As cyber attacks become more costly, disruptive, and a threat to businesses, cybersecurity governance is rapidly becoming a top boardroom priority. Some boards add cybersecurity expertise as a new director’s skill to their board rosters. Others rely on contractors and third party service providers to bring cyber-risk expertise into the boardroom. Some are even employing a controversial technique: hiring hackers from the red team to test the company’s systems and discover the weaknesses of their systems.
For check out here many boards, there is an inconsistency between their stated priorities and the actions they take to address those priorities. Our research has shown that just 69 percent of board members say they regularly see eye-to-eye with their CISOs, and a significant proportion of those only interact with their CISOs during board presentations. These gaps must be addressed to ensure that the boardroom is in a position to engage with CISOs and see cybersecurity dangers.

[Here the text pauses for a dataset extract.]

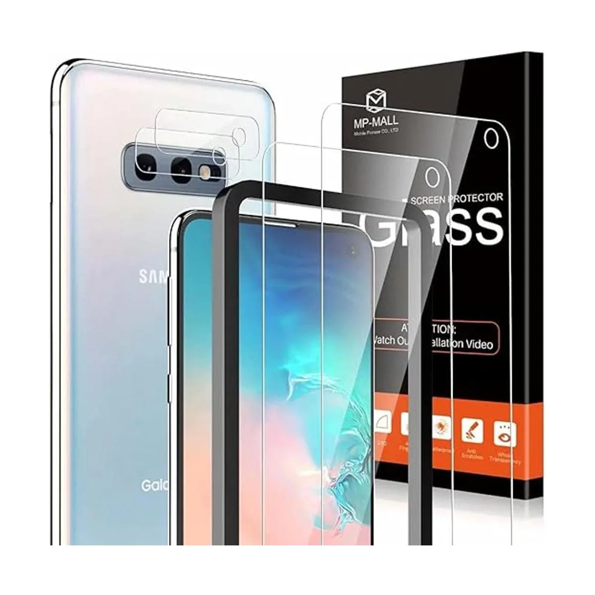 MPMALL Paquete de 2 protectores de pantalla de vidrio templado 2 protectores de lente de cámara compatibles con Samsung Galaxy S10e, no apto para Galaxy S10 o S10 Plus, marco de instalación, dureza 9H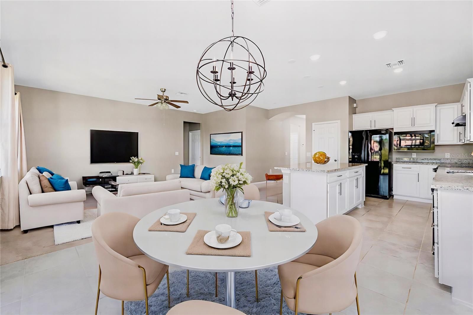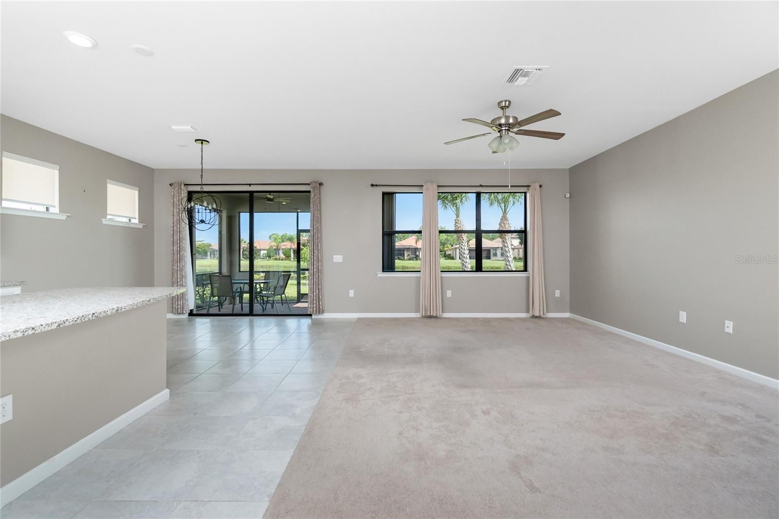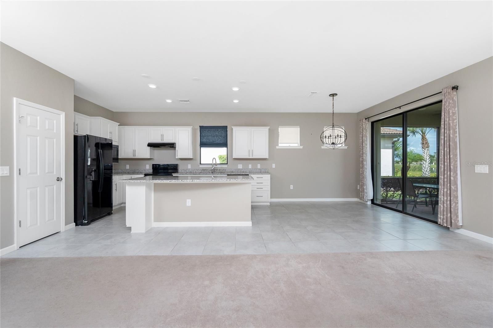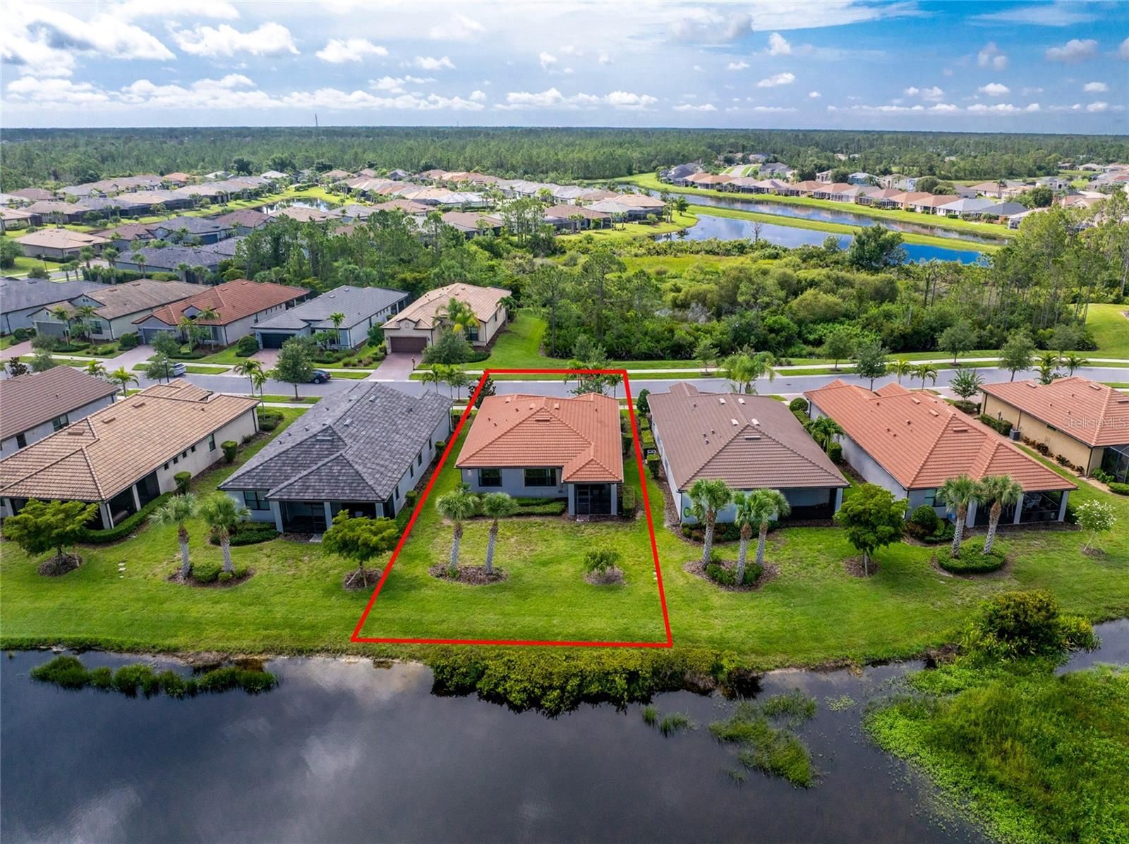 One or more photo(s) has been virtually staged. Imagine having a gorgeous sunset every night on your lanai with a private water view! This two-bedroom home with a den has a split plan perfect for guest privacy. The kitchen, which has granite countertops, a large Island with storage and room for seating, is both efficient and beautiful. The views of the lake are visible from the kitchen, eat-in dining area, living room, as well as the primary bedroom. The lanai, multiple windows and the front door have accordion hurricane shutters, and the remainder of the windows are protected by clear panels. No storm worries here, and flood insurance is NOT required. The paver driveway has been extended width-wise to comfortably accommodate multiple vehicles, and the garage door is insulated against the heat. The large inside laundry room has additional storage built in. There are tons of closets and storage. You can take your golfcart to the nearby clubhouse and amenities, which is the highlight of this beautiful, manicured community. With multiple pools, pickleball, tennis, horseshoes, bocce, cornhole, a community garden and dog park, including the social activities, you will have no need to leave home.

To close the cybersecurity gap, it’s vital to ensure that cybersecurity is an integral part of every board and to engage directors in meaningful discussions regarding the risks they confront. This means changing the way conversations take place in the boardroom. This could include having a dedicated agenda item and introducing pre-read materials that can be used for more detailed discussions on cybersecurity issues during meetings. It is also essential to make cybersecurity a top priority for the board and create a security-minded business culture through the tone of voice that comes from the top and rewards for those who are able to raise awareness of the risk.